Tom Kite is a professional golfer who looks exactly the same as a baby alligator. You know those pictures when you see a lizard and it seems like it’s really happy and smiling? And you think “Oh, cute” but then you think “wait, that’s a cold-blooded predator, that thing doesn’t smile. That thing would eat me.” Tom Kite looks like that. Only he probably couldn’t eat you.
If you see just one movie this year featuring a villain whose skin seems to be oozing from his body, make it the one in which Rupert Murdoch is playing Batman villain Clayface. Murdoch is clearly custom made for this role in a creepy, method-acting sort of way, insofar as he’s taken it upon himself to actually structure his body out of what appears to be an oozy, malleable substance and, of course, he’s the closest thing the world has to a supervillain these days now that Osama bin Laden is dead.
You might think Matthew Lesko is the way to go with this novelty casting choice, but that’s silly ass – he’s an asshole in commercials who wears a question mark suit. To really get to the heart of the Riddler, you need someone who’s both insane and confusing. Ideally Joaquin Phoenix is your man here, as he’s extremely questionable at the best of times.
I was all set to write a big piece here justifying why Cedric the Entertainer could have pulled off a wicked Harley Quinn and then I found out that there’s a porn star named Harley Quinn and that seemed kind of poetic. And then I found out she was born a dude and that seemed like something that should be in a Holy Taco article, which makes this entry pretty much complete.
Arnold Schwarzenegger pretty much ruined this character, especially since he was never very good to begin with. His last name is Fries and he changed it to Freeze because of irony or some such. And then he uses freeze rays, which is the most ridiculous weapon since the gun that shoots you with a boxing glove on a spring. But if he was going to be made cool and put in a new movie in which he does not make ice-related puns, probably a good choice would be Bruce Willis. On account of he looks half like Mr. Freeze on the poster for 12 Monkeys anyway.

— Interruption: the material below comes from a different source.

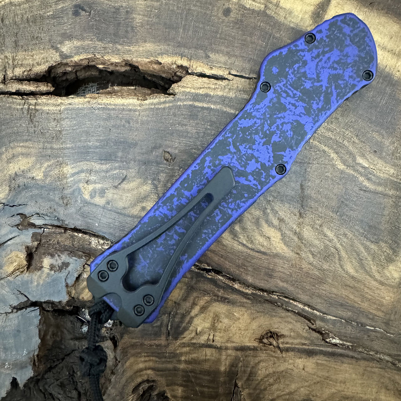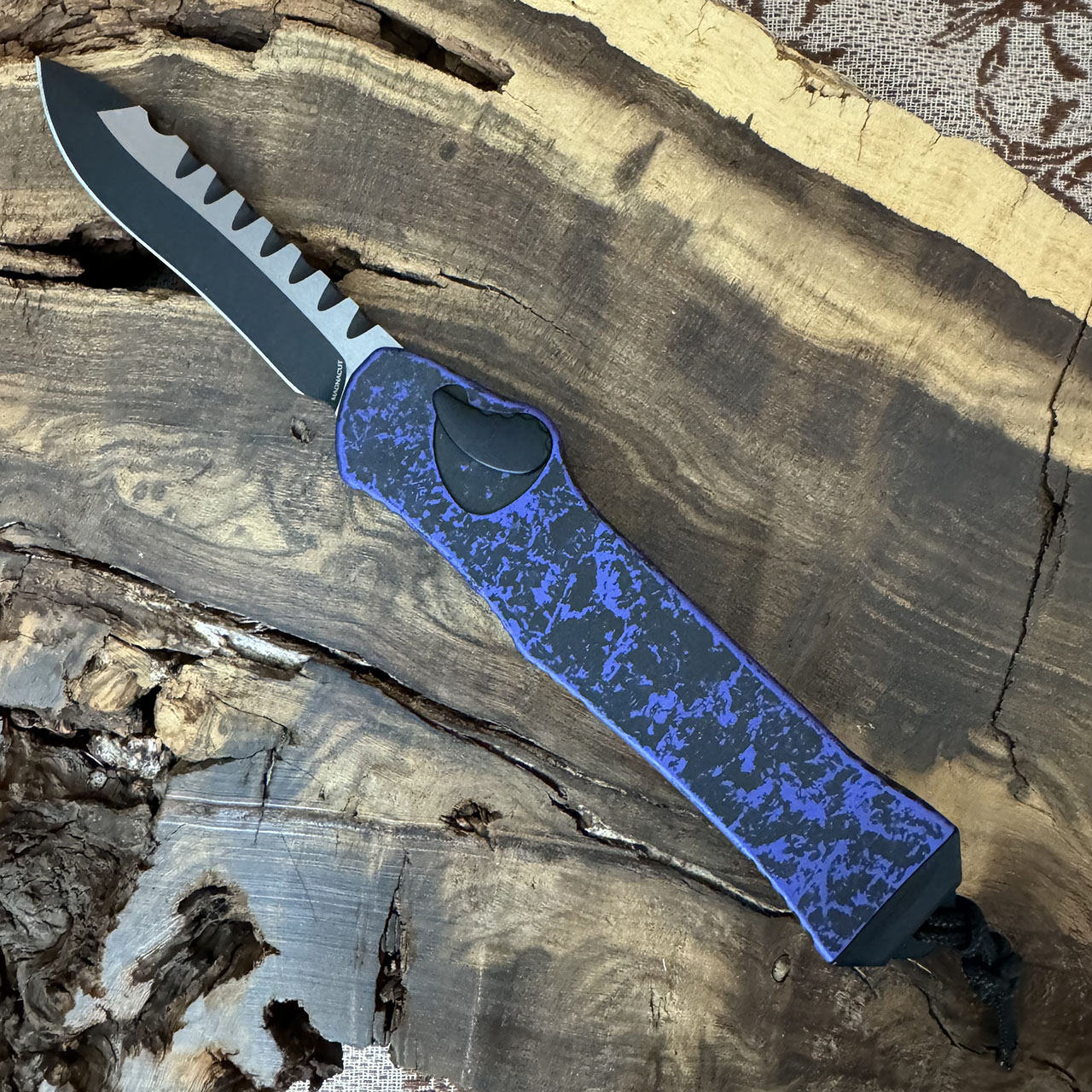 Heretic Knives Hydra OTF Auto Breakthrough Purple Handle Two Tone Recurve Blade H008-10A-BRKPU

Uma Thurman is responsible for the abominable Poison Ivy in the previous run of craptastic Bat films but the choice was all wrong for any number of reasons. The way to go with Poison Ivy is Paris Hilton. Now you may be thinking “Hey Holy Taco editors, Paris Hilton is the human version of an unflushable port-a-potty stewing in the midday sun during a heat wave that is frequented by hobos who sustain themselves on the expired refuse from a dumpster behind a chili restaurant.” And while that may very well be true, you must also remember that rumors have been circulating for years that Paris has the herpes, and who better to play a chick named after a plant that gives you a terrible rash than a chick whose hooch will give you a terrible rash?